I expect that this question is hard (unless it's false), so I'd be happy with an answer that assumes big conjectures.

Also, maybe this is more of a meta-question, but is this interesting for a reason beyond my application? That is, are there interesting consequences if this turns out to be true? One can deduce some simple consequences about divisibility, e.g., that if the zero-set of one element (with multiplicity) is contained in the zero-set of another, then the first function must divide the second. But I'm not sure that's so interesting.

My application: If we look at multiplicative functions $|f(n)|\leq 1$, complex-valued, what must be true if $\sum_{n\leq x} f(n) \ll x^{1/2-\delta}$ for some fixed $\delta>0$? Certainly we want to assume that $f(n)$ is not too small (i.e., we want to rule out things like $f(n)=1/n$), so let's impose the condition that $\sum_{n\leq x} |f(n)| \gg x$. If such a function exhibits more than square root cancellation, must it come from a Dirichlet character? I don't know of a counterexample, and I suspect that this is true (but I will also readily admit that I'm not sure I'm thinking about the right pathologies). Believing that it's true, it's probably very hard to prove.
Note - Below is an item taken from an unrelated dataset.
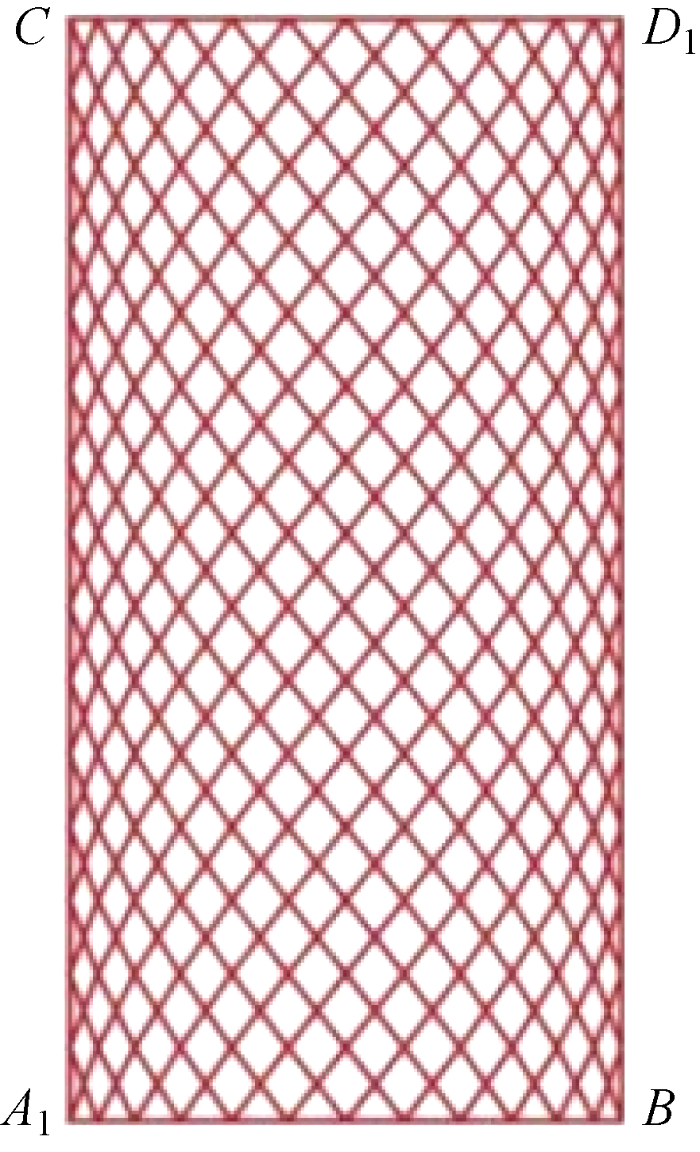 算例1 以图3所示的联方型单层柱面网壳为模型1.图中:A1C长60 m,跨度30 m,矢高10 m;A1C边网格数为15个.模型的支座在A1C边与BD1边的所有边界节点上.对模型整体施加0.3 kN/m2的恒荷载、0.5 kN/m2的活荷载和标准风压0.55 kN/m2,体型系数按回转面计算,地面粗糙度为B类,风振系数为1.5的风荷载.经对模型1进行满应力优化设计,结构杆件用钢量为35.42 t,该初步设计方案在自重+恒荷载+满布活荷载组合工况作用下且考虑材料非线性时的失稳荷载因子为1.43,不满足《空间网格结构技术规程: JGJ 7—2010》[12]的相关要求.采用局部加肋方案提高结构经济性与稳定性,对其分别采用单位长度的应变能密度准则与等效轴力准则下的属性值RM与RG进行渐进式拓扑优化设计.该算例用于比较两种准则对拓扑优化效果的影响,选出一种优化准则为其他算例使用.

Based on this, we want to look at a class of multiplicative functions for which we can see Dirichlet characters naturally appearing, and for which we can provide an answer. The class of functions I looked at depended on the arithmetic of a finite, Galois extension $K/\mathbb{Q}$. In particular, look at functions satisfying the following properties:

1) $f(n)$ is completely multiplicative, 2) $|f(p)|=1$ for all primes $p$ that split completely in $K$, and 3) if $\mathrm{Frob}_p = \mathrm{Frob}_q$ (up to conjugacy -- crucially, we'll want $K$ to be non-abelian), then $f(p)=f(q)$.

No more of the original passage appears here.